Disapplying the UK discount rate for foreign claimants
The UK is currently the only jurisdiction in the world using a discount rate model for compensating future losses that assumes a negative investment return. The Ministry of Justice has acknowledged that the -0.75% rate overcompensates claimants and its draft reforms are contained in the Civil Liability Bill that is currently passing through parliament.
Both the existing Damages Act 1996 and the draft reforms contain an exception to the UK rate where 'more appropriate in the case in question'. Previous attempts to invoke that exception on purely economic grounds have failed. However, the Court of Session acknowledged in Tortolano v Ogilieve Construction Ltd  that an appropriate case would be 'a non-UK taxpayer' whose net returns are determined by foreign investment products, inflation, financial adviser fees etc.

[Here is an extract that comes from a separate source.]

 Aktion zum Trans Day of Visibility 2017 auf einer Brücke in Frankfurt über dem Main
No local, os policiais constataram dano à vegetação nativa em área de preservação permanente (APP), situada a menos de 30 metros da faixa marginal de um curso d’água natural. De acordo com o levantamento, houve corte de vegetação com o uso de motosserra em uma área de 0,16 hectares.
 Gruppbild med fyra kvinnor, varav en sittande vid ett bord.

The scenario is not uncommon of a foreign claimant being injured in the UK and later repatriated to their home country, but the UK courts having jurisdiction as the place where the accident happened. In such cases, the discount rate should be calculated by applying the prevailing UK methodology to local economics in the relevant jurisdiction. The existing methodology is to assume that the claimant will invest solely in index-linked government securities (ILGS). In her February 2017 statement introducing a new rate of -0.75%, the then-Lord Chancellor used a simple average of returns across all ILGS (excluding those with less than five years to maturity) over a three year period to 30 December 2016.

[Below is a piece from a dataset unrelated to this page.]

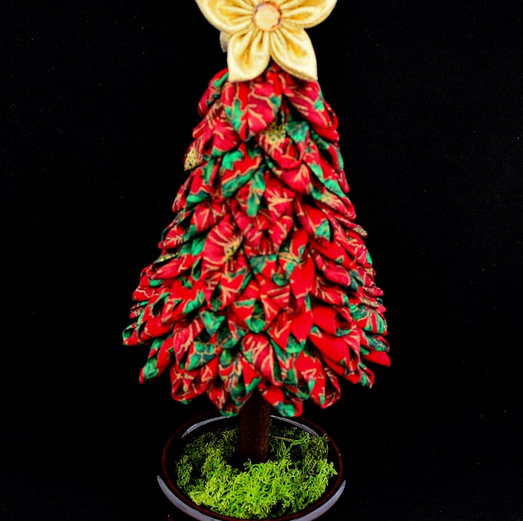 This Christmas tree is handmade using a 12cm polystyrene cone, small sequin pins and a festive fabric in Red, Gold and Green (Other Colours can be made, see below of a few samples). Its then been attached to a piece of doweling which I have painted brown to represent the Christmas tree trunk. This is then set in a pot of Plaster of Paris and then added is Green moss. (POT MAY DIFFER TO ACTUAL PICTURE DUE TO AVAILABILITY).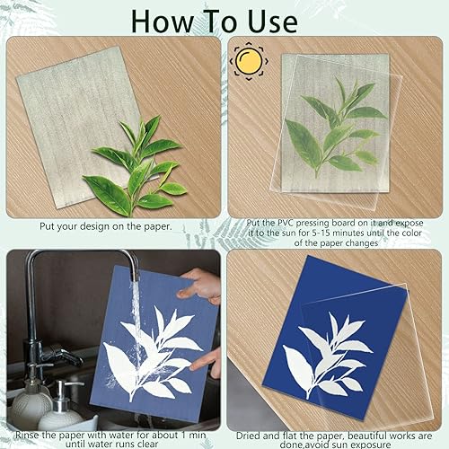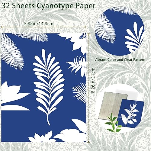 Kit de 32 Cyanotype kit,A5 papier cyanotype, papier à dessin solaire avec panneau en PVC,papier sensible au soleil pour enfants et adultes, projets d'artisanat d'art de bricolage

For a foreign claimant, research therefore has to be undertaken to find the local investment products best matching the February 2017 statement. Kennedys recently managed a brain injury claim following a UK accident where the claimant was repatriated to the US and, working with our local offices, we sourced specialist advice from a US economist that in the relevant state the applicable rate was 1.5%. In that case, disapplying the UK discount rate in favour of the US equivalent (based on UK methodology) had the effect of reducing the multiplier by over 40 and saved a seven-figure amount in damages.
The ongoing reforms promise to introduce a new methodology to setting the discount rate. It seems probable that the new methodology will be based on a different assumption that a prudently advised claimant invests in a diversified portfolio (not solely ILGS) offering more risk than very low risk, but still less risk than the ordinary investor. When determining the rate, the Lord Chancellor will review actual investment practices for realism. In our view, the new methodology will apply to foreign claimants as soon as the reforms are enacted, even before any decision is made about a change in UK rate, and is highly likely to produce higher discount rates (and correspondingly lower multipliers) for foreign claimants than the current approach. Going forwards, the draft reforms envisage the Lord Chancellor publishing reasons for future rate decisions, which should be used as an updated reference point when managing the process of sourcing foreign evidence regarding local economics.
In practice, the theory is one thing but the logistics are another. In order to successfully argue the UK rate should be disapplied, defendants will need to source local expertise from any combination (depending on the jurisdiction) of a local serious injury lawyer who knows the expert market, a local economist or financial adviser regarding best-matching products. A guardian or other local equivalent of our UK professional deputies who can provide leadership regarding actual investment practices of claimants may also be required.
Our experience has been that the process can be time-consuming, especially in terms of translating and explaining UK methodology for the foreign expert team. However, it tends to be worth the investment because of the potential deflationary effect on damages compared to using the inappropriate UK rate.